1.10 The financial statements contained in the Registration Statement
and the Prospectus fairly present the respective financial conditions of the
Company and Manager and the results of their respective operations as of the
dates and for the periods therein specified; and such financial statements have
been prepared in accordance with generally accepted accounting principles
consistently applied throughout the periods involved; and the accountants who
have certified such financial statements are independent public accountants as
required by the Securities Act and the Rules and Regulations.
2. COVENANTS OF THE COMPANY
The Company covenants and agrees with the Selling Agent that:
2.1 It will, at no expense to the Selling Agent, furnish the Selling
Agent with such number of printed copies of the Registration Statement,
including all amendments and exhibits thereto, as the Selling Agent may
reasonably request.

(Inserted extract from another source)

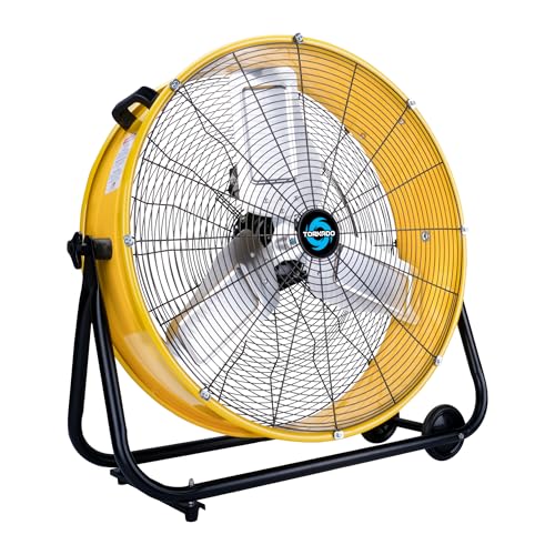 View full detailsTornado - 24 Inch High Velocity Heavy Duty Tilt Metal Drum Fan Yellow Commercial, Industrial Use 3 Speed 8540 CFM 1/3 HP 8 FT Cord UL Safety Listed (YELLOW)

It will similarly furnish to the Selling Agent and others
designated by the Selling Agent as many copies as the Selling Agent may
reasonably request in connection with the offering of the Units of: (a) the
Prospectus in preliminary and final form and every form of supplemental or
amended prospectus; (b) this Agreement; and (c) any other printed sales
literature or other materials (provided that the use of said sales literature
and other materials has been approved for use by the Company and all appropriate
regulatory agencies).
2.2 It will furnish such proper information and execute and file such
documents as may be necessary for the Company to register or qualify the Units
for offer and sale under the securities laws of such jurisdictions as the
Company and Selling Agent agree upon, and will file and make in each year such
filings as may be required. The Company will furnish to the Selling Agent a copy
of such papers filed by the Company in connection with any such registration or
qualification.
2.3 It will: (a) use its best efforts to cause the Registration
Statement to become effective; (b) file for review and use its best efforts to
obtain approval by the NASD Corporate Financing Department of the offering under
Rule 2810 of the NASD Conduct Rules and applicable Guidelines; (c) furnish
copies of any proposed amendment or supplement of the Registration Statement or
Prospectus to the Selling Agent; (d) file every amendment or supplement to the
Registration Statement or the Prospectus that may be required by the SEC;(e) if
at any time the SEC shall issue any stop order suspending the effectiveness of
the Registration Statement, it will use its best efforts to obtain the lifting
of such order at the earliest possible time; and (f) the Manager will disclose
in each annual report of the Company distributed to its investors pursuant to
Section 13(a) of the Securities Act a per Unit estimated value of the Units, the
method by which this value was developed and the date used for such estimated
value.
2.4 If at any time when a Prospectus is required to be delivered under
the Securities Act any event occurs as a result of which, in the opinion of
either the Company or the Selling Agent, the Prospectus or any other prospectus
then in effect would include an untrue statement of a material fact or, in view
of the circumstances under which they were made, omit to state any material fact
necessary to make the statements therein not misleading, the Company will
promptly notify the Selling Agent thereof (unless the information shall have
been received from the Selling Agent) and will effect the preparation of an
amended or supplemental prospectus which will correct such statement or
omission. The Company will then promptly prepare such amended or supplemental
prospectus or prospectuses as may be necessary to comply with the requirements
of Section 10 of the Securities Act.
3. APPOINTMENT, REPRESENTATIONS, OBLIGATIONS AND COMPENSATION OF
SELLING AGENT
3.1 The Company hereby appoints the Selling Agent as its agent and
distributor for the purpose of offering and selling for cash up to a maximum of
5,000,000 Units. The Selling Agent will use its best efforts to offer and sell
Units for cash, at the public offering price and subject to the terms and
conditions stated in the Prospectus. The Selling Agent hereby accepts such
agency and distributorship and agrees to use its best efforts to sell the Units
on said terms and conditions. The Selling Agent represents to the Company that
it is a member in good standing of the NASD and that it and its employees and
representatives have all required licenses and registrations to act under this
Agreement.
Ex. 1.1-2
The Selling Agent agrees to be a party to and be bound by the terms of
the Escrow Agreement executed as of ____________ ___, 2002 ("Escrow Agreement")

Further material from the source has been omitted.